The generalisation hierarchy which defines how these replacements take place is provided by the user as input to the algorithm.
attributeType | Hierarchy classes |
---|---|
string | Distinct, Masking |
date | Distinct, Range |
int | Distinct, Range |
double | Distinct, Range |
Additionally, users are given the capability of configuring a handful of parameters that are of high significance for the proper function of Amnesia via the pipeline-config.properties file:
-
K: The k-anonymity factor that refers to the number of times each combination of values appears in a data set
-
FANOUT: It refers to the number of children for each hierarchy tree
-
STRING_ANON_METHOD: It refers to the way Amnesia handles and anonymises strings
The available options are distinct (for replacement of text values by random variables) and mask (for masking text values)
-
MASK_LENGTH: Used in cases when the masking method is utilised for anomynisation and refers to the number of the mask characters
Considering the previous, the anonymization process of RoG can be unfolded into the following steps:
-
For each dataset attribute, an anonymization hierarchy is created
-
Each hierarchy is loaded to Amnesia REST API
-
Each hierarchy is binded with the coresponding attribute
-
Each attribute/column is anonymized
Amnesia REST API produces a plethora of anonymisation solutions that guarantee k-anonymity. However, RoG uses the least strict anonymisation solution so that the interpretability of the dataset is preserved as much as possible
-
Anonymized attributes/columns are merged into the raw dataset
The following table provides examples of data for which k-anonymity has been ensured:
Age | Zip Code | Nationality |
---|---|---|
<30 | 130** | * |
>=40 | 1485* | * |
3* | 130** | * |
After the anonymization process has been completed, the anonymized dataset, along with other intermediately produced files, can be accessed under the directory ./batch_analyzer/src/build.

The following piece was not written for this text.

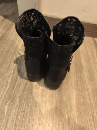 Botines negros con un diseño moderno y detalles de encaje. Usado un par de veces - Parte superior de cuero sintético. - Detalle de encaje en la caña. - Adornos metálicos en la correa. - Cierre de cremallera lateral. Trato en mano en Zaragoza No hago envios

Although the proposed pipeline can be applied in big diverse datasets and to a wide range of application domains, it allows for enrichment and improvements.
Potential future directions could be:
- Evaluation of RoG using existing tools like SECRETA
- Incorporation of more advanced NLP techniques to identify more complex and varied entities and improve the accuracy
- Training custom models for entity detection would further enhance the effectiveness of the process, making it more flexible and customisable
- Implementation of distributed processing could further reduce the time required for sensitive data identification and anonymisation in large datasets
- An intuitive user interface (UI) could be developed; such an interface would simplify the process of selecting pre-built models, uploading datasets, and viewing the results of sensitive data identification and anonymisation
The RoG pipeline is part of our work RoG: A Pipeline for Automated Sensitive Data Identification and Anonymisation which was presented in the IEEE CSR 2023 Conference. This work was supported in part by project ENIRISST+ under grant agreement No. MIS 5047041 from the General Secretary for ERDF & CF, under Operational Programme Competitiveness, Entrepreneurship and Innovation 2014-2020 (EPAnEK) of the Greek Ministry of Economy and Development (co-financed by Greece and the EU through the European Regional Development Fund).